France’s new prime minister takes office amid wave of protest

Sebastien Lecornu’s first challenge will be to steer a streamlined budget through a divided parliament

France's outgoing prime minister, Francois Bayrou, flanked by his successor, Sebastien Lecornu, delivers remarks during the handover ceremony in Paris on September 10. IAN LANGSDON/POOL VIA REUTERS
France's outgoing prime minister, Francois Bayrou, flanked by his successor, Sebastien Lecornu, delivers remarks during the handover ceremony in Paris on September 10. IAN LANGSDON/POOL VIA REUTERS

Paris — Sebastien Lecornu, the loyalist picked by President Emmanuel Macron to be France’s fifth prime minister in two years, took office on a day of sprawling antigovernment protests on Wednesday that underlined the depth of the country’s political crisis.

Lecornu, a conservative Macron protégé who most recently served as his defence minister, arrived at the prime minister’s residence at midday.

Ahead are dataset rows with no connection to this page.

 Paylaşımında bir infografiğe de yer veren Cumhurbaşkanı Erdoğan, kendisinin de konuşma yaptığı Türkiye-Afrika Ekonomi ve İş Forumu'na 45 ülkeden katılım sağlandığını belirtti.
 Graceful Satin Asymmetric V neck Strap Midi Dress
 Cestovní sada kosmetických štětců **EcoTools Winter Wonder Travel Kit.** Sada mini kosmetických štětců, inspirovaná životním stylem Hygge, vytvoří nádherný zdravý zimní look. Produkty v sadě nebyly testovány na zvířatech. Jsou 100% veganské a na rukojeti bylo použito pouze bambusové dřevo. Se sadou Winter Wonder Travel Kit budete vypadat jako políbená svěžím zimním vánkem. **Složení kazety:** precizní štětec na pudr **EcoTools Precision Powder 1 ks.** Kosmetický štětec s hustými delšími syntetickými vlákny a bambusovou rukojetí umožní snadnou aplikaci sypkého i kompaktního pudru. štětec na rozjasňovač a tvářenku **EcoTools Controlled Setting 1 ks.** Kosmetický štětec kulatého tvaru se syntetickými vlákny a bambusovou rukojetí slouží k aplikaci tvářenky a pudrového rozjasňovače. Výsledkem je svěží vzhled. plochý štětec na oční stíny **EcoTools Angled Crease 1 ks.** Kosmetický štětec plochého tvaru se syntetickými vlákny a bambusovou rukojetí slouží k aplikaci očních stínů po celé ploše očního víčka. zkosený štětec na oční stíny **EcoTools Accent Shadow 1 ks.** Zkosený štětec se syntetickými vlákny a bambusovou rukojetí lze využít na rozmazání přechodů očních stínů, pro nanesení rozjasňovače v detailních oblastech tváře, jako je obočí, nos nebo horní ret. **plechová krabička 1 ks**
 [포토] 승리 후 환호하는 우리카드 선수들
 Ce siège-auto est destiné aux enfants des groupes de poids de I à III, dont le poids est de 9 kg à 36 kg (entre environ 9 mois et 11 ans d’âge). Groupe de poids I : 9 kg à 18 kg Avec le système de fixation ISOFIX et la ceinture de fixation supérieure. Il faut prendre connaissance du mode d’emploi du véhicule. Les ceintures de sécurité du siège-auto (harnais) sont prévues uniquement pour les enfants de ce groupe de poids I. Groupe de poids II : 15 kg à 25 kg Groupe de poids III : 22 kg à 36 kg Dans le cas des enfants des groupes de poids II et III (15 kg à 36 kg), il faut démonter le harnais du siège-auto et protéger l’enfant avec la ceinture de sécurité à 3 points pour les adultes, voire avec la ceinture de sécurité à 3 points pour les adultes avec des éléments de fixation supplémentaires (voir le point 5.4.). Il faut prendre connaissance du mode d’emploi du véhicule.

He met with former prime minister Francois Bayrou, who was ousted by parliament on Monday over plans to trim the country’s outsize deficit.

Lecornu said in a brief speech after a handover ceremony that the government would need “to be more creative, sometimes more technical, more serious”, in how it works with the opposition. But he also said “ruptures will be necessary”.

His immediate challenge will be how to steer a streamlined 2026 budget through parliament, which is split into three distinct ideological blocs. Parties broadly agree on the need to slash France’s deficit, which reached 5.8% of GDP in 2024, but not on how to do it.

He has to send a full draft of the 2026 budget to parliament by October 7, though there is some wiggle room until October 13, after which legislators will run out of time to pass the budget by year’s-end.

While the hard left said it would seek to topple Lecornu with an immediate no-confidence motion, the far-right National Rally (RN) signalled tentative willingness to work with him on the budget, as long as its budgetary demands are met. “His budget will be RN or his government will not be,” RN legislator Laure Lavalette posted on X late on Tuesday.

The RN is France’s largest parliamentary party and as such is a crucial factor in any potential no-confidence motion. Still, Lecornu is seen as the closest member of Macron’s circle to the RN, having dined with RN president Jordan Bardella last year.

Block everything

Lecornu’s other path to passing a budget involves uniting the Socialists, who want to water down budget cuts and tax the rich, with his former party, the Republicans, who are dead-set against any tax rises.

Macron, in an unusual step, called Socialist party leader Olivier Faure on Tuesday to tell him he would not be appointing a leftist as prime minister. On Wednesday, Faure appeared to leave the door ajar to working with Lecornu, while also saying he would support a no-confidence measure if he felt the government didn’t take on board its budgetary priorities.

Thousands of people across France took to the streets as part of the so-called Block Everything protests, an expression of broad discontent with Macron, proposed budget cuts and the entire political class. Authorities deployed 80,000 police nationwide to contain protesters who disrupted traffic, burnt rubbish bins and at times clashed with security forces.

“Anger has been rumbling for months, even years,” said Daniel Bretones, a union member protesting in Marseille. “We’re on the fifth prime minister under Macron’s second term, and it has never changed anything.”